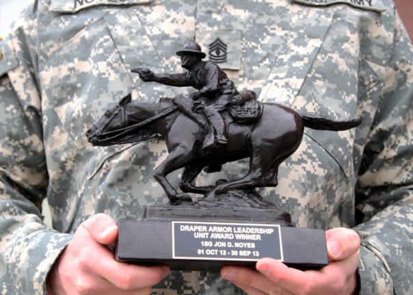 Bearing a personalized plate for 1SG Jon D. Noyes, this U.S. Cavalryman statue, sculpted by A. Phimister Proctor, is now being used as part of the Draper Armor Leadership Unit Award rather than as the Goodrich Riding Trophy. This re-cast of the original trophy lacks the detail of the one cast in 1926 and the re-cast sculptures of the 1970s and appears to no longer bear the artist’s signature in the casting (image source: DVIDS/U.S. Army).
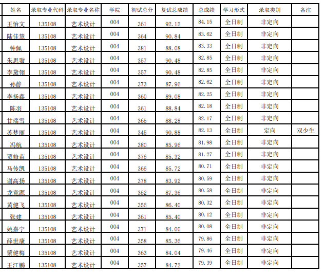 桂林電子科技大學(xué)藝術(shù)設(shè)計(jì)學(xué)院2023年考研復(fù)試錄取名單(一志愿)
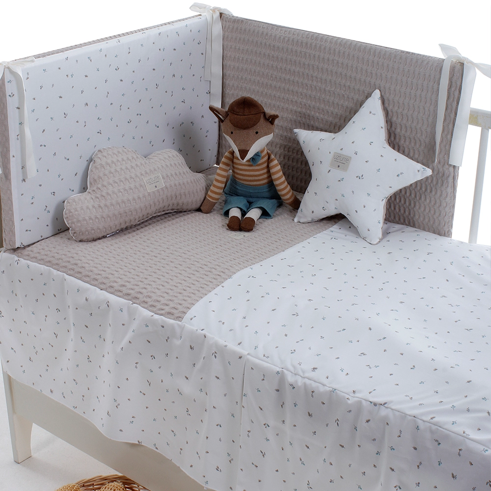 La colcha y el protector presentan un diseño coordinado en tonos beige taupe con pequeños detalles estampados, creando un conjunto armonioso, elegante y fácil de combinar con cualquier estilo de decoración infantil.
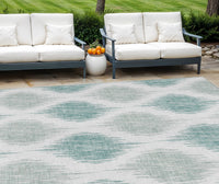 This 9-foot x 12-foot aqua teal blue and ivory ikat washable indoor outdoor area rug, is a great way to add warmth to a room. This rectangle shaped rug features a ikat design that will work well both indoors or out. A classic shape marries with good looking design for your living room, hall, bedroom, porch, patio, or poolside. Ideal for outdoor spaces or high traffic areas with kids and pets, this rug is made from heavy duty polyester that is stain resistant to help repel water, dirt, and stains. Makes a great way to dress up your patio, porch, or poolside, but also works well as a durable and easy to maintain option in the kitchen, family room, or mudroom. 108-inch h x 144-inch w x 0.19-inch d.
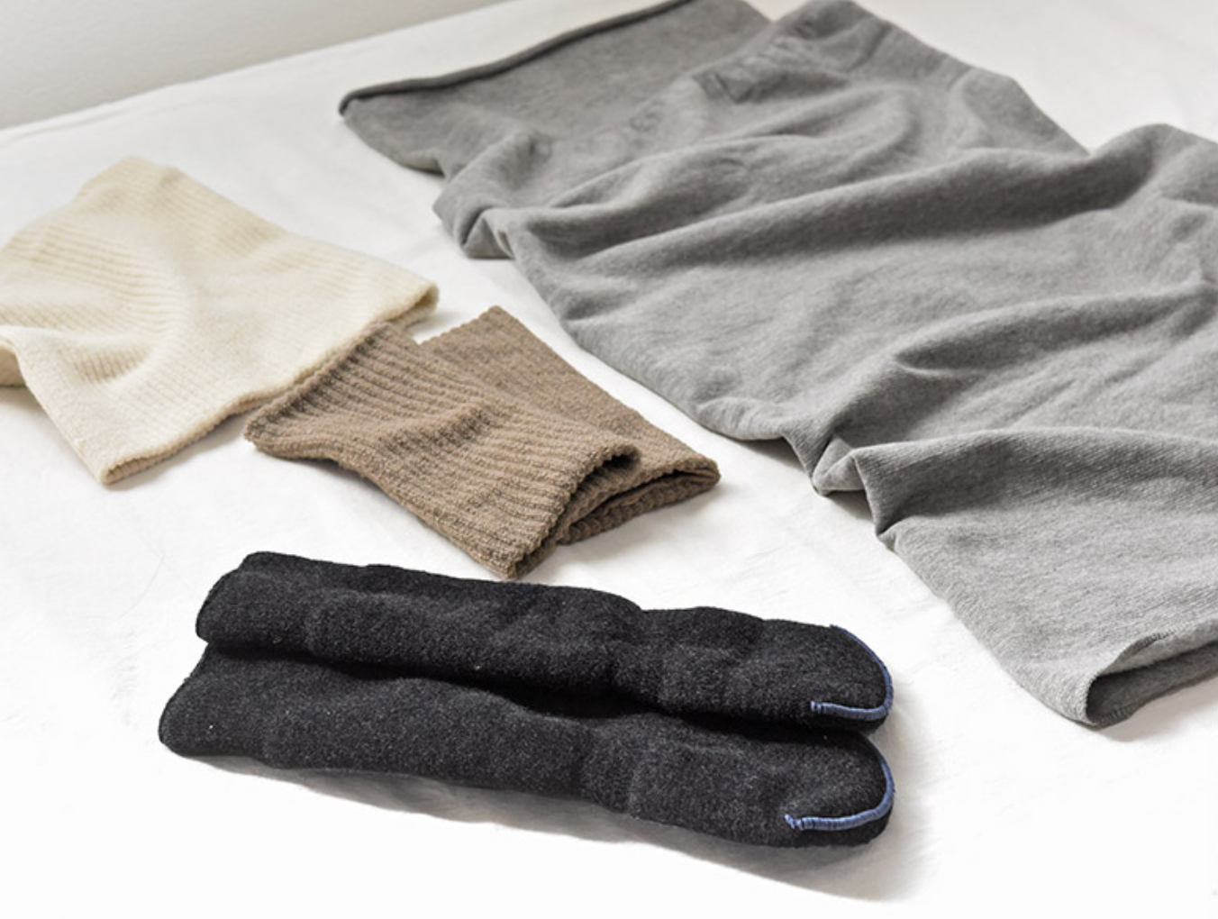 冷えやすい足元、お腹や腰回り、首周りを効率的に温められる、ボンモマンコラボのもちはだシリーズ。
-*-
PROBLEM DESCRIPTION |
Through the line containing "La colcha y" and no further, restate the data above word for word from its first line, leaving out pictures.

OUTPUT BELOW |
 Bearing a personalized plate for 1SG Jon D. Noyes, this U.S. Cavalryman statue, sculpted by A. Phimister Proctor, is now being used as part of the Draper Armor Leadership Unit Award rather than as the Goodrich Riding Trophy. This re-cast of the original trophy lacks the detail of the one cast in 1926 and the re-cast sculptures of the 1970s and appears to no longer bear the artist’s signature in the casting (image source: DVIDS/U.S. Army).
 桂林電子科技大學(xué)藝術(shù)設(shè)計(jì)學(xué)院2023年考研復(fù)試錄取名單(一志愿)
 La colcha y el protector presentan un diseño coordinado en tonos beige taupe con pequeños detalles estampados, creando un conjunto armonioso, elegante y fácil de combinar con cualquier estilo de decoración infantil.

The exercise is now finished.